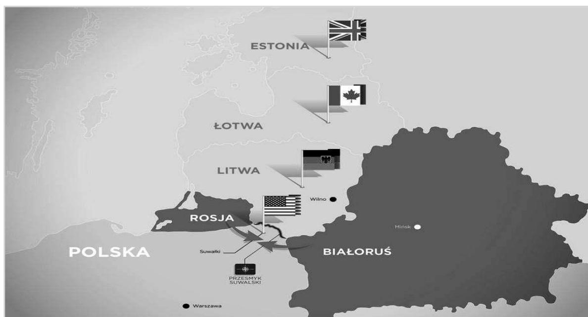
Mapa nr 2. Przesmyk suwalski

Obawą jest to, że NATO mogłoby nie zdążyć zareagować gdyby Rosja zaatakowała kraje bałtyckie. Prawdopodobny atak na przesmyk suwalski rozpocząłby się pod Grodnem, następnie przez powiat sokólski w kierunku na północ od Białegostoku. Rosyjskie jednostki mogłyby napotkać trudności w przedostaniu się dalej na zachód przy linii kolejowej Białystok-Augustów, ponieważ rozpościera się tu pas mokradeł i rzeka Brzozówka. Uciekając na południe również napotkałyby na nadrzeczne rozlewiska, bagna i torfowiska Kotliny Biebrzańskiej i rzeki Biebrzy od północnego zachodu. Atak ze strony polskiej mógłby nadejść z Puszczy Knyszyńskiej, z rejonu Czarnej Białostockiej i Supraśla, który broni dostępu do Białegostoku od północy. Byłoby to jednak ciężkie przy potencjalnie rozległym bombardowaniu lotniczym i artyleryjskim. Także warunki terenowe znacząco utrudniłyby atak. Zatem liczebność nawet najlepszych jednostek nie powinna być przeceniana. Gdyby Rosja wydzieliła zbyt dużą ilość wojsk do inwazji na przesmyk suwalski, mogłoby to doprowadzić do kolizji między nimi na konkretnym odcinku frontu 26 . Obrona państw bałtyckich wymaga odpowiedniego przygotowania. Poniższa mapa przedstawia obszar „przesmyku suwalskiego”.
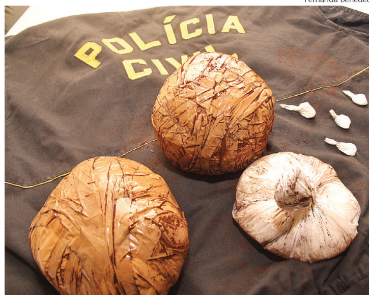
Cocaína encontrada dentro de uma residência na Vila Capoani

Em uma operação que durou menos de 30 minutos, a Polícia Civil de Lençóis Paulista fez a maior apreensão de drogas do ano. Em uma casa na Vila Capoani foram localizados 2,4 quilos de cocaína. O produto é avaliado em mais de R$ 82 mil. A operação foi desencadeada no final da tarde de terça-feira e resultou na prisão de um rapaz de 18 anos, acusado de comercializar a droga na cidade. Na segunda-feira, a Polícia Civil de Agudos apreendeu 165 quilos de maconha. A droga estava escondida dentro de uma bolsa repleta de café. ► Página A3
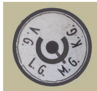
• Op de afstemschaal laat een klein wijzertje zien op welke band is afgestemd (op de foto is dat de MG). Het wijzertje wordt via een schaalkoordje door de bandenschakelaar bediend.

De bekrachtigde luidspreker is van het Belgische fabricaat Socora. De stations op de afstemschaal hebben Nederlandse namen en op de rand van de schaal staat "GR Carpentier", mogelijk een verwijzing naar de familie Carpentier van het Belgische merk Carad. Behalve de gebruikelijke banden LG, MG en KG toont de schaal ook de visserijband (VG). Op de afstemschaal bevinden zich in de verflaag drie ronde uitsparingen. Links boven zit daarachter het afstemoog en rechts boven een kleine wijzer, die aangeeft op welke band is afgestemd. De functie van de ronde uitsparing midden rechts is onduidelijk.
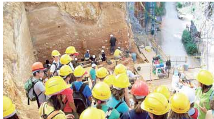
La campaña incluye un amplio programa de actividades al aire libre.

Por otro lado, Caja de Burgos editará una guía de plantas de los viveros de Castilla y León. La publicación será financiada con la recaudación obtenida en el reparto de 9.000 acebos en la red de Aulas de Medio Ambiente de Caja de Burgos en tres provincias.
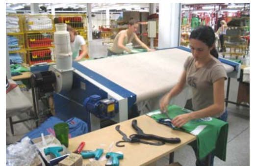
Ironing labelling holding and hanging 3 persons Planchado plegado y percha 3 personas
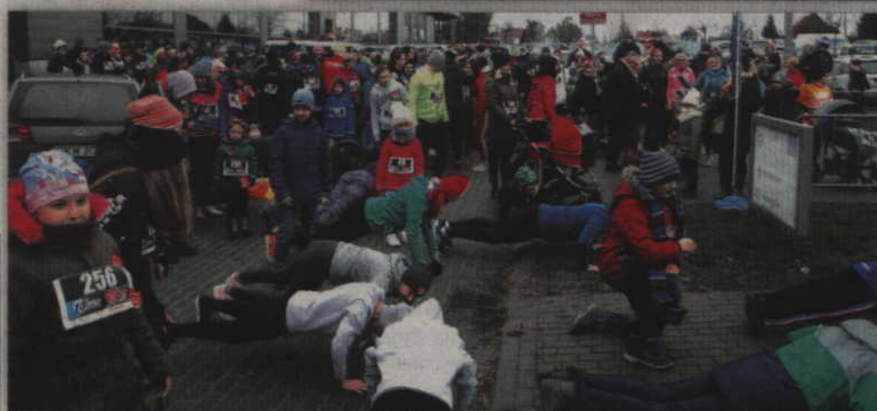
Wspólna rozgrzewka w mroźny dzień okazała się wręcz niezbędna.

była się wspólna rozgrzewka. W ten wyjątkowo chłodny i chwilami deszczowy dzień rozgrzewka była ona wręcz niezbędna.
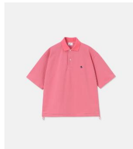
ヘビーピケカラーポロシャツ 15,400円(税込)
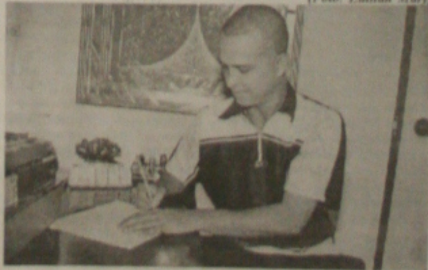
Ramiro diz que a documentação já está na CBF. Na próxima semana ele deve ser liberado

As ações da Lazio na Bolsa de Valores de Milão cresceram nesta quinta-feira com a notícia de uma possível transferência de Rivaldo (foto) para o clube de Roma. Apesar dos desmentidos, as ações da Lazio cresceram com a notícia publicada na manhã desta quinta-feira pelo diário "La Gazzetta dello Sport" registram um aumento médio de 3,01% no seu valor. Na quarta-feira, as ações do clube tiveram uma queda de 4,35%, após a eliminação na Copa dos Campeões da Europa.
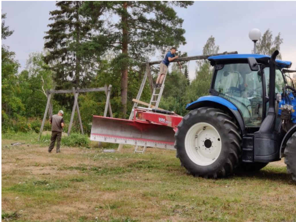
Kuva 10 Vanhat keinut irrotettiin ja kunnostettiin mm. uusilla suoja-putkilla
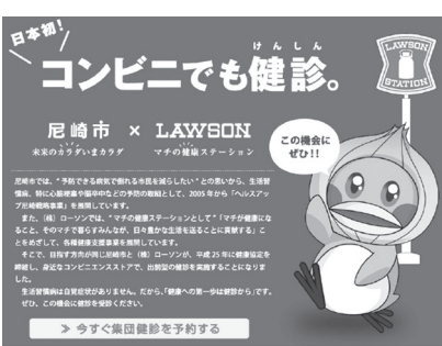
尼崎市のコンビニ健診

県内28の自治体が実施している。大手企業が存在している下での成功であると考えている。

________

Requirement: Repeat word for word only the lines from the line holding "ヘビーピケカラーポロシャツ 15,400円(税込)" to the final line of the material, both included. Don't carry over any picture.

Solution:
ヘビーピケカラーポロシャツ 15,400円(税込)
Ramiro diz que a documentação já está na CBF. Na próxima semana ele deve ser liberado

As ações da Lazio na Bolsa de Valores de Milão cresceram nesta quinta-feira com a notícia de uma possível transferência de Rivaldo (foto) para o clube de Roma. Apesar dos desmentidos, as ações da Lazio cresceram com a notícia publicada na manhã desta quinta-feira pelo diário "La Gazzetta dello Sport" registram um aumento médio de 3,01% no seu valor. Na quarta-feira, as ações do clube tiveram uma queda de 4,35%, após a eliminação na Copa dos Campeões da Europa.
Kuva 10 Vanhat keinut irrotettiin ja kunnostettiin mm. uusilla suoja-putkilla
尼崎市のコンビニ健診

県内28の自治体が実施している。大手企業が存在している下での成功であると考えている。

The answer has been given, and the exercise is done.